» **Exercise goal**
Emit a verbatim copy of the lines below from the line with "24L大容量蒸し器 家庭用 電気蒸し器" through the line with "- 19. 放少许鸡精和青椒,翻至青椒断生即可", excluding pictures and everything outside that range.

» **Data provided**
<<<<

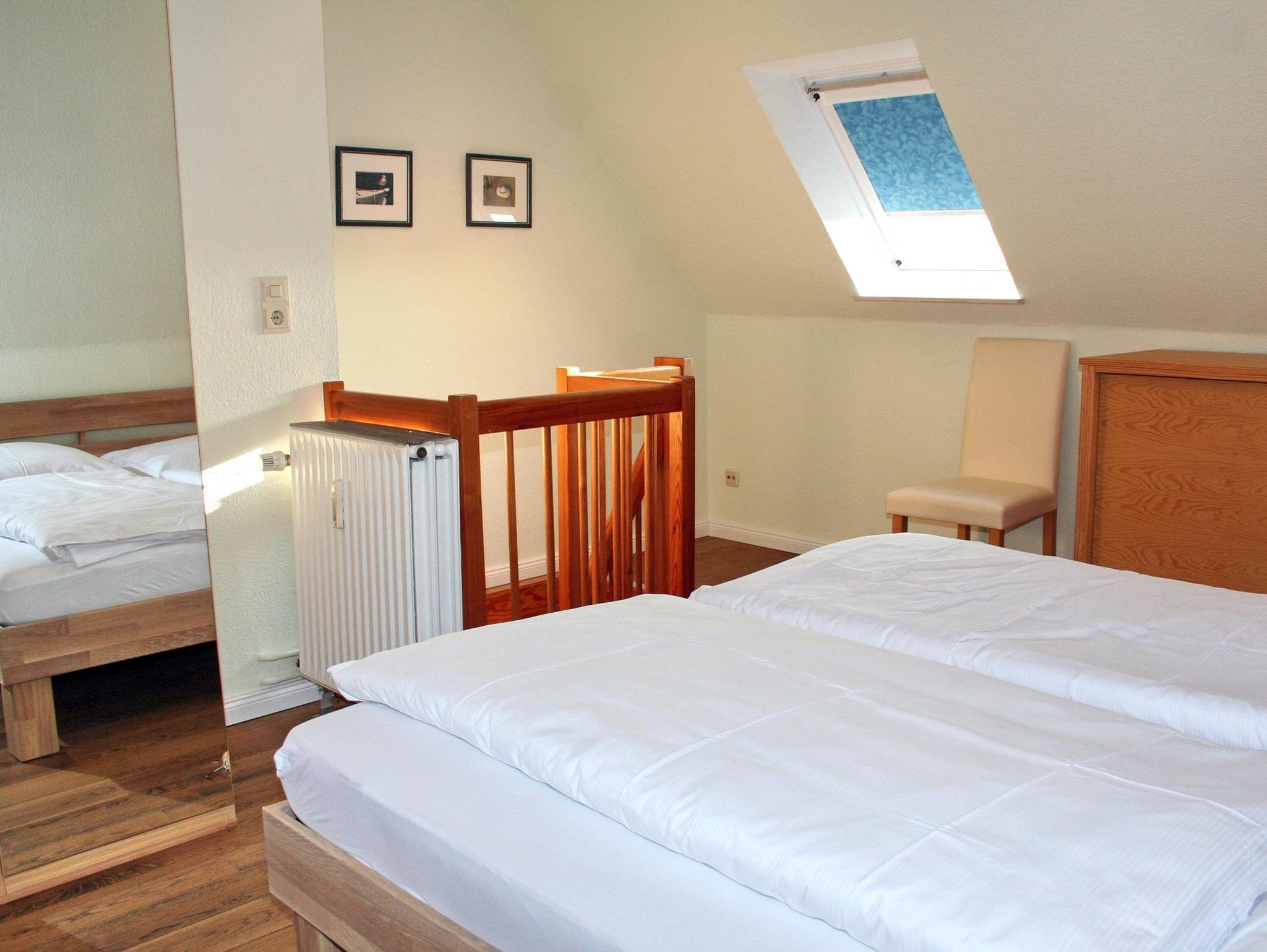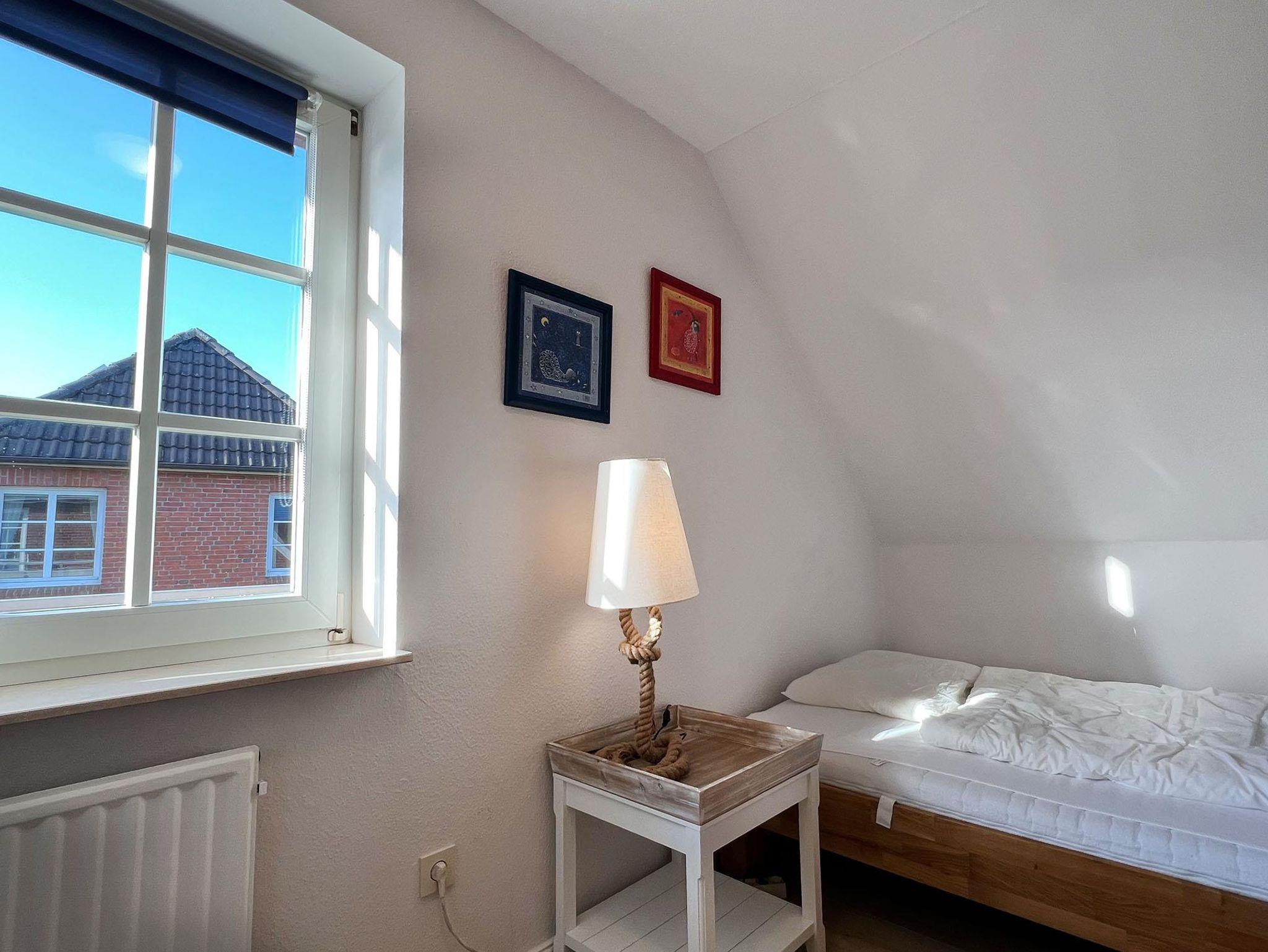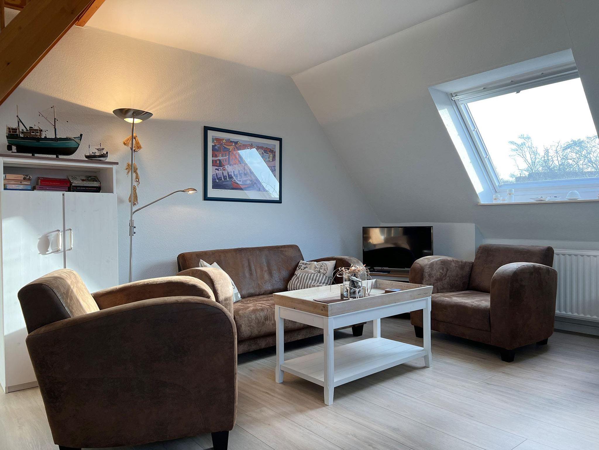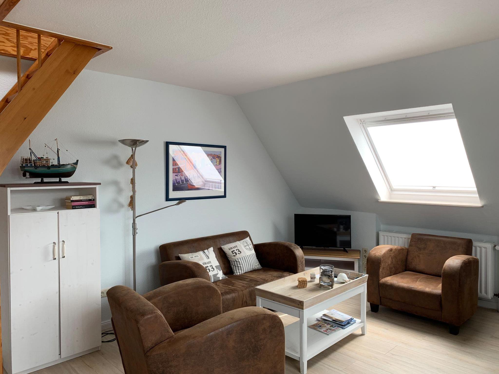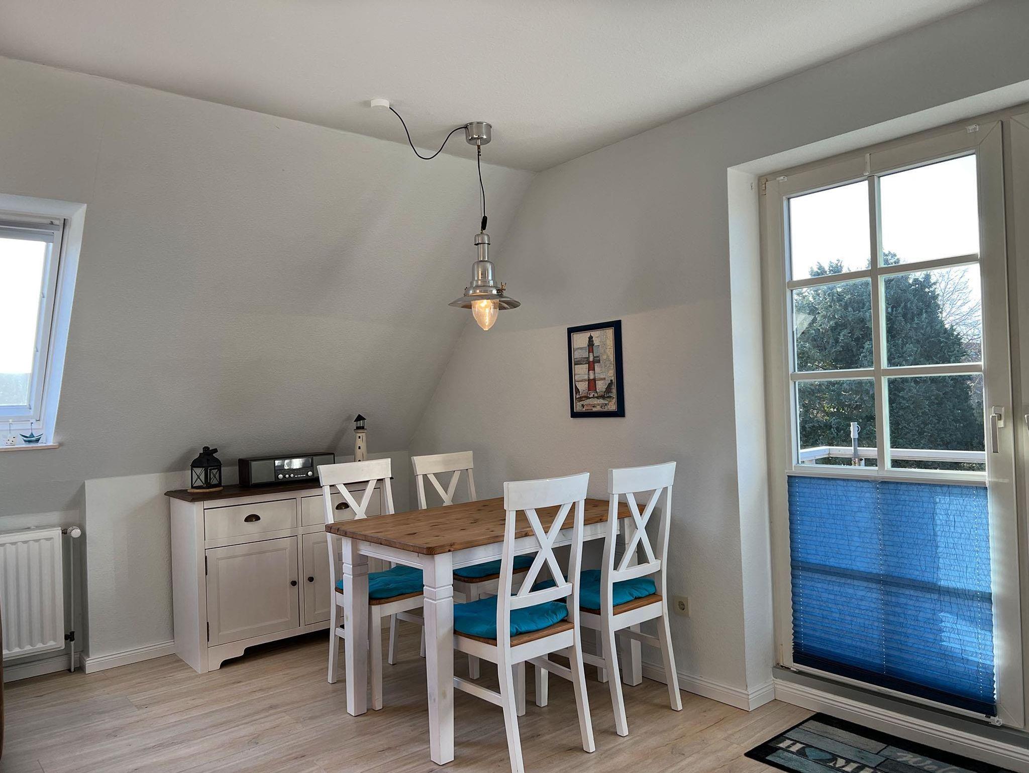 In dieser gut ausgestatteten 3-Zimmer-Ferienwohnung mit einer Größe von 58 qm für 2-3 Personen machen Sie schöne Ferien. Die Nichtraucher-Wohnung besitzt im 1. OG und DG 2 Schlafzimmer mit insgesamt 3 Schlafplätzen. Auf dem Süd-Westbalkon können Sie die gute Nordseeluft geniessen. Die kleine Küche ist mit einem Cerankochfeld, Heißluftbackofen, Dunstabzugshaube, Spülmaschine und einem Kühlschrank mit Gefrierfach ausgestattet. Dazu gibt es elektrische Kleingeräte wie Pürrierstab, Toaster, Kaffeemaschine etc.
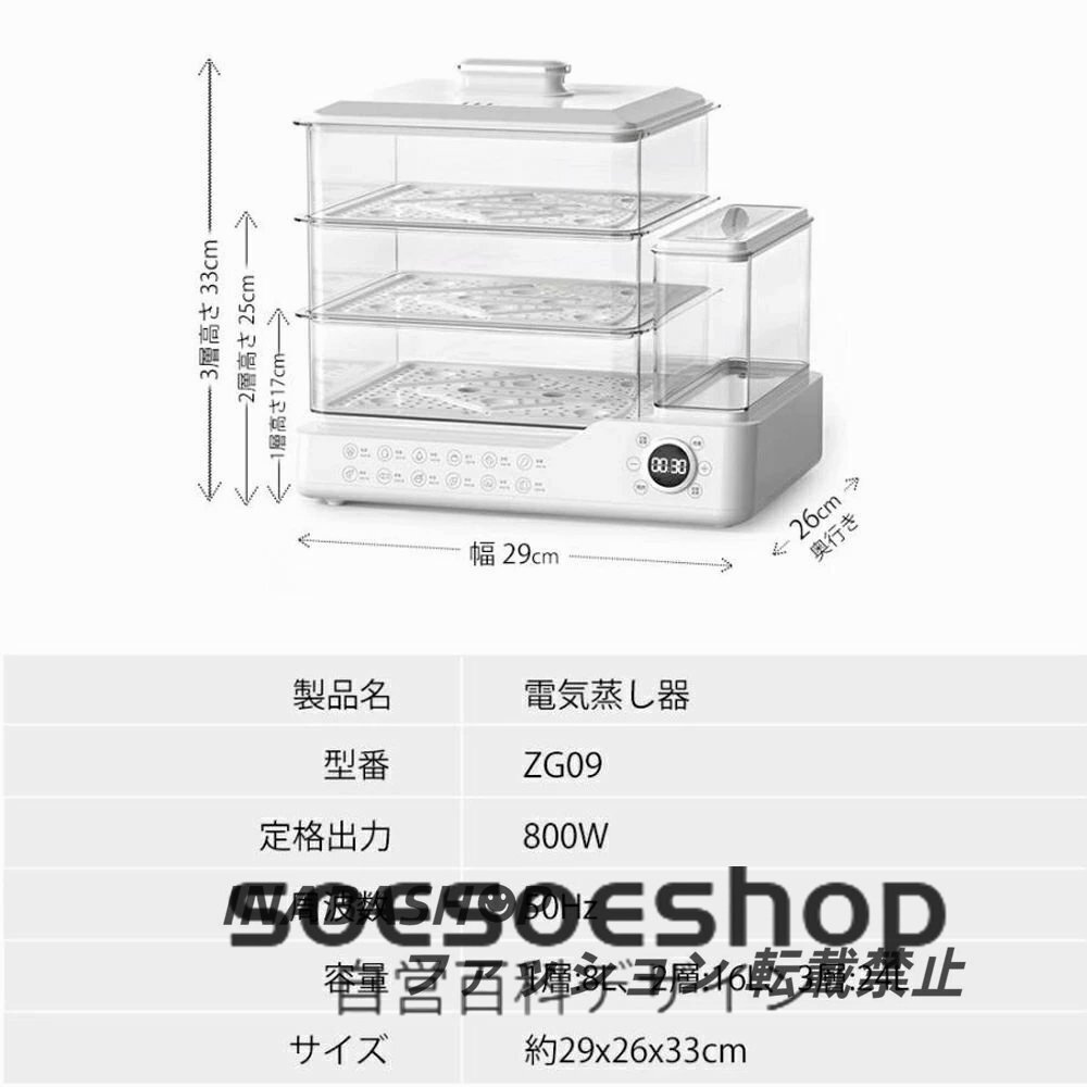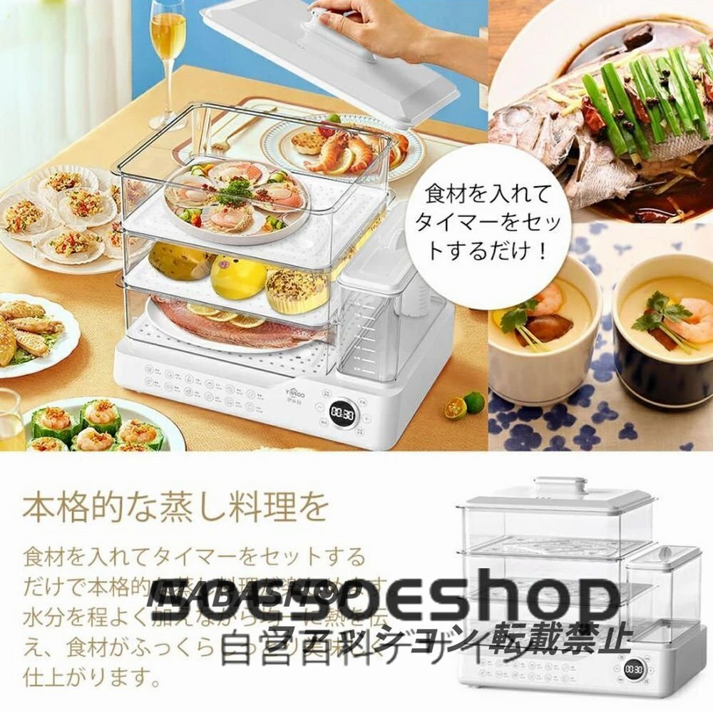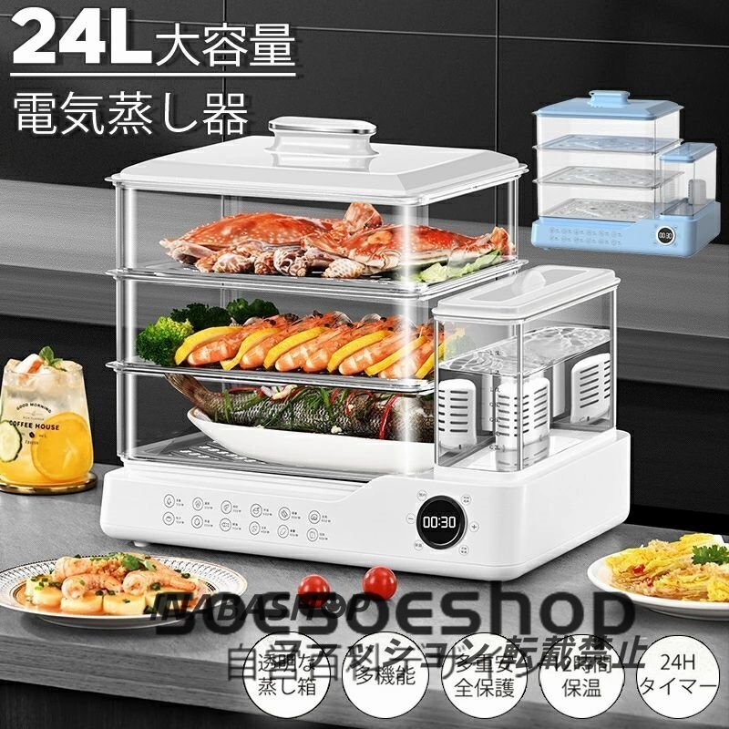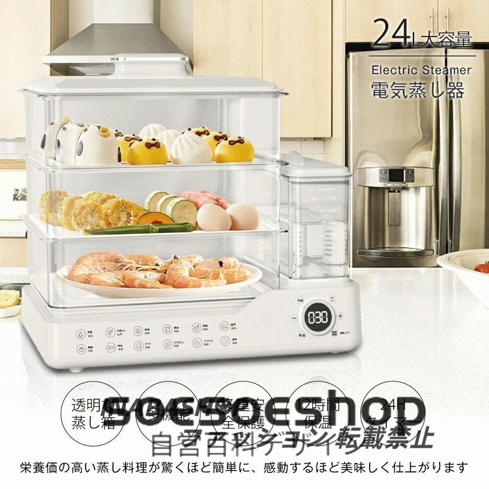 24L大容量蒸し器 家庭用 電気蒸し器 3段 多機能 調理家電 調理器具 蒸気 スチーム 食品蒸し器 蒸篭 蒸し料理 せいろ 透明 操作簡単 朝食
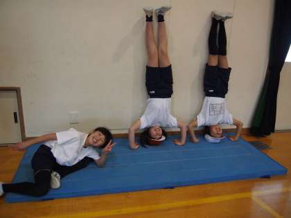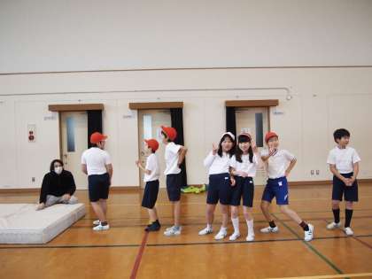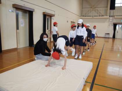 4年1組のマット運動です。ウレタンマットのところでは先生からひと言ひと言アドバイスをもらっていました。
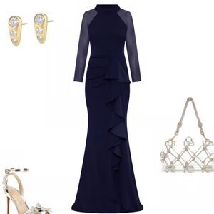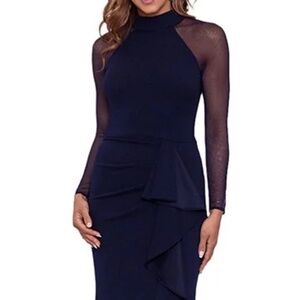 NWT Betsy & Adam Mock Neck Illusion Long Sleeve Ruffled Scuba Crepe Mesh Gown 4P
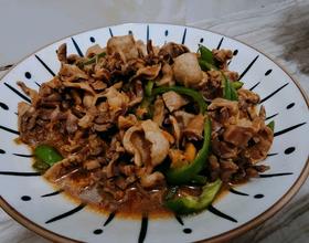 - 19. 放少许鸡精和青椒,翻至青椒断生即可
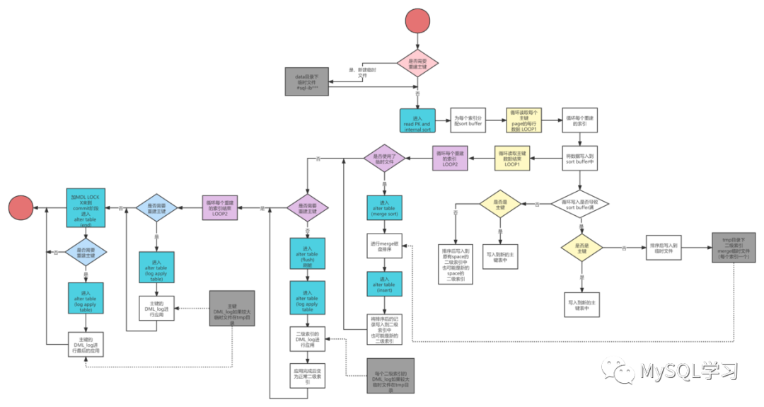 data目录下的#sql-ib**文件这个要看是否重建主键 tmp目录下的DML log临时文件,如果不重建主键,则每个二级索引都有一个。当然如果DML log很小,小于innodb_sort_buffer_size大小则不需要。 tmp目录下的merge sort临时文件,这是需要重建的每个二级索引都需要的。当然如果表数据量很小,小于innodb_sort_buffer_size大小则不需要。

>>>>

» **Your solution**
 24L大容量蒸し器 家庭用 電気蒸し器 3段 多機能 調理家電 調理器具 蒸気 スチーム 食品蒸し器 蒸篭 蒸し料理 せいろ 透明 操作簡単 朝食
 4年1組のマット運動です。ウレタンマットのところでは先生からひと言ひと言アドバイスをもらっていました。
 NWT Betsy & Adam Mock Neck Illusion Long Sleeve Ruffled Scuba Crepe Mesh Gown 4P
 - 19. 放少许鸡精和青椒,翻至青椒断生即可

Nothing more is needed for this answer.